Program on Science, Technology and Society at Harvard

Harvard Kennedy School of Government | Harvard University
The Promise of Life: Spiritual Traditions and Biotechnological Futures poster

The Promise of Life: Spiritual Traditions and Biotechnological Futures

September 27, 2024,
Harvard Kennedy School

Abstract

The world’s religious traditions offer some of the most sophisticated bodies of thought on fundamental questions at stake in debates around the life sciences and biotechnology: What does it mean to be human? What is the purpose of human life? What are the meanings of suffering and mortality? What are the limits of human autonomy? Religions contend with metaphysical questions of mind, body and spirit without reducing them to mere materiality. Nonetheless, engagement with such questions, particularly when informed by religious thought, often gets characterized as vague, insufficiently reasoned, or traditionalist thought—irrationally asserting that scientists are “playing God”—rather than as serious openers to conversations about the moral limits of technological intervention. Restricting or dismissing the place of religious voices in ethical debates with such arguments is symptomatic of a more general tendency to privilege scientific developments and presumptively secular ethical framings, thereby constricting reflection on how such developments serve human values in the name of universal values.

This convening seeks to reevaluate this tendency by approaching religious and spiritual traditions as fonts of moral understanding on questions fundamental to human life.
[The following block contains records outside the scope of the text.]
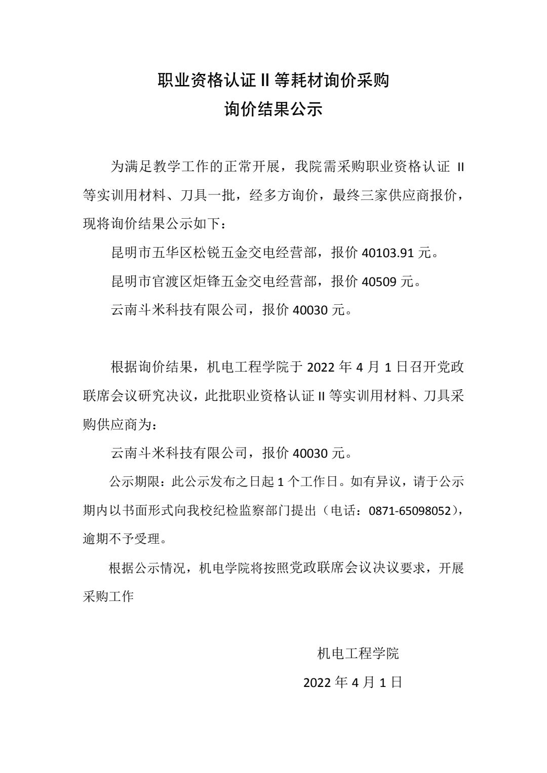 职业资格认证Ⅱ等耗材询价采购询价结果公示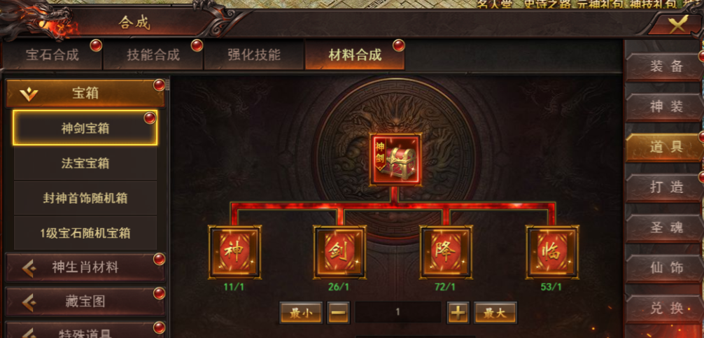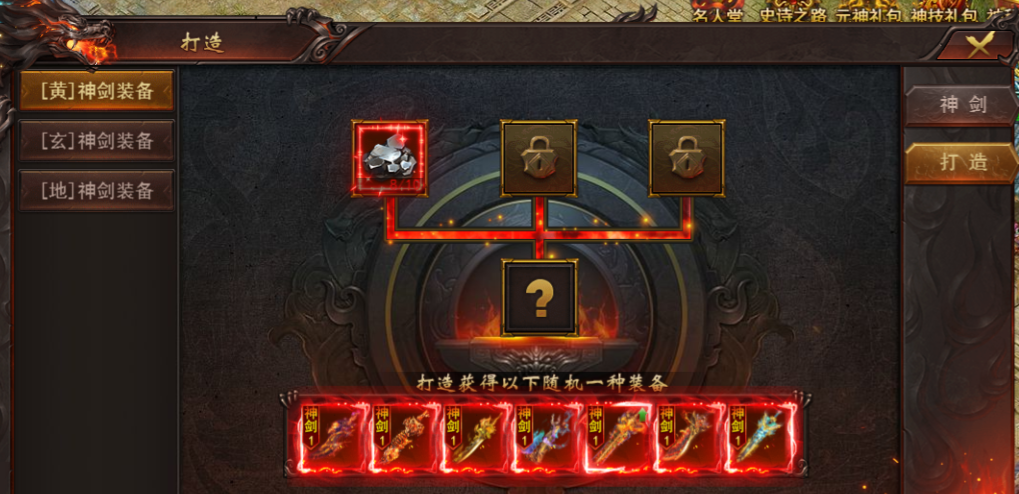 神剑宝箱中有装备、神剑锻造材料百锻石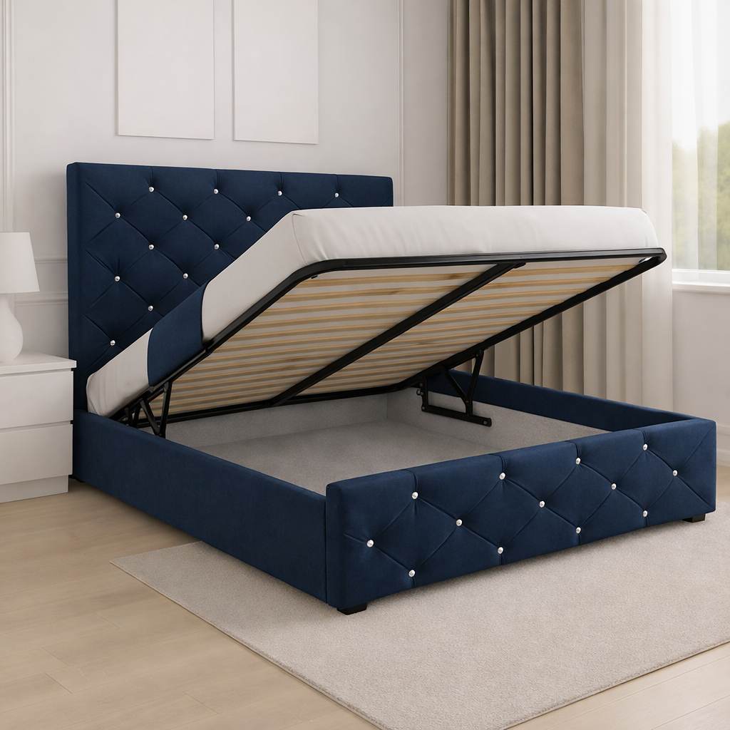 Tapițeria din stofă oferă un aspect plăcut și o senzație de confort, fiind ușor de integrat în diferite stiluri de amenajare. Structura solidă din PAL asigură rezistență și stabilitate, iar somiera rabatabila oferă un suport sigur și durabil pentru saltea, cat si spatiu de depozitare.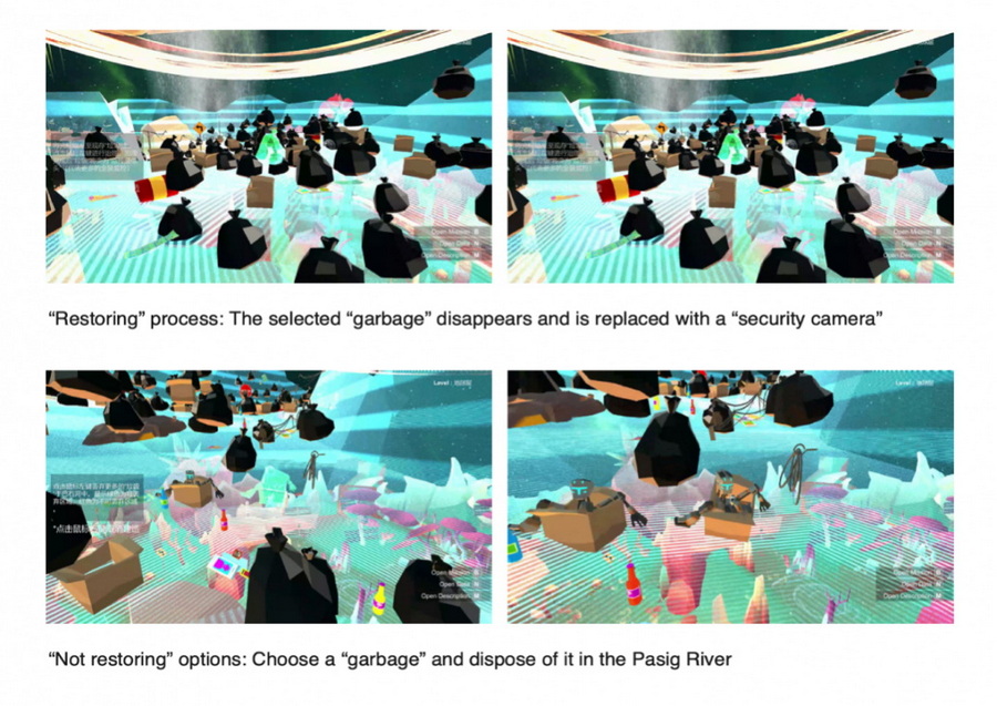 《未来_预报》通过一家虚构的未来互联网服务供应商和区块链公司的视角,和其所在的网络生态、地缘政治和社会文化的影响,呈现并预测以菲律宾为代表的发展中国家的云网络社会的演变。项目包括一个实时模拟+集体创世网络环境,一系列NFT角色设计和一个CGI影像(《巴石河2030 – 6 Plus》)。在集体创世网络环境的部分,艺术家设置了一系列基于前期调研的任务,玩家在成功完成任务后可进行“建设“并永久地改变此项目的地貌。同时,每一个任务都包含了两个选项,而每个选项都包含了优点和缺点。参与者可以根据自己认为正确的未来发展方向进行选择,共同创造一个未来的“菲律宾”。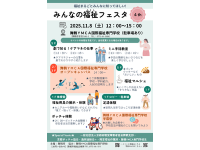 舞鶴市は、令和7年11月8日(土)に舞鶴YMCA国際福祉専門学校にて「みんなの福祉フェスタ2025」を開催します。 福祉を身近に感じ、福祉を支える方々と来場者が理解と交流を深めることを目的とした体験型イベントです。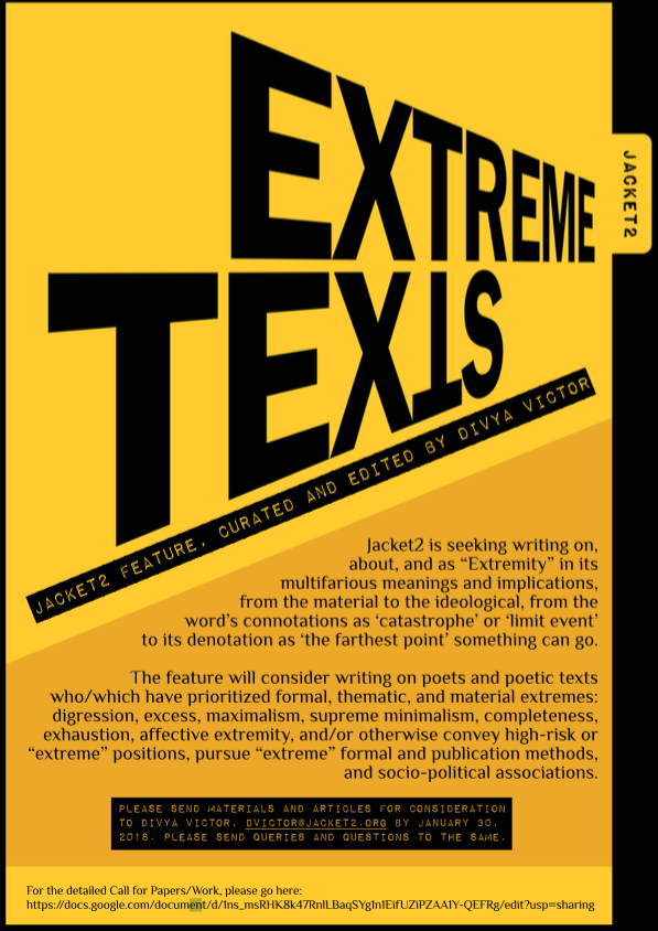 Jacket2 is seeking short scholarly articles, essays, belletristic documents, creative responses, and ephemera concerned with “Extreme Texts.” This call welcomes writing on, about, and as “Extremity” in its multifarious meanings and implications, from the material to the ideological, from the word’s connotations as “catastrophe” or “limit event” to its denotation as “the farthest point” something can go.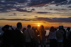 (250704) -- BEIJING, 4 julio, 2025 (Xinhua) -- Turistas toman fotografías del sol saliendo en el Pabellón Dongji, en la...

It reverses the conventional script: rather than foregrounding specific biotechnologies as sites of ethical evaluation, we place fundamental questions of the meaning of being human front and center. We ask: how have religious traditions understood the integrity and purpose of human life, and how have they defined limits of technology? How can religious thought inform critical reflection on the meaning of scientific and technological ambitions and developments? What configures or constrains the potential contributions of religion to collective reasoning and public ethical deliberation on new technologies? And how should religious traditions figure in the development of deliberative capacity oriented to a cosmopolitan ethics?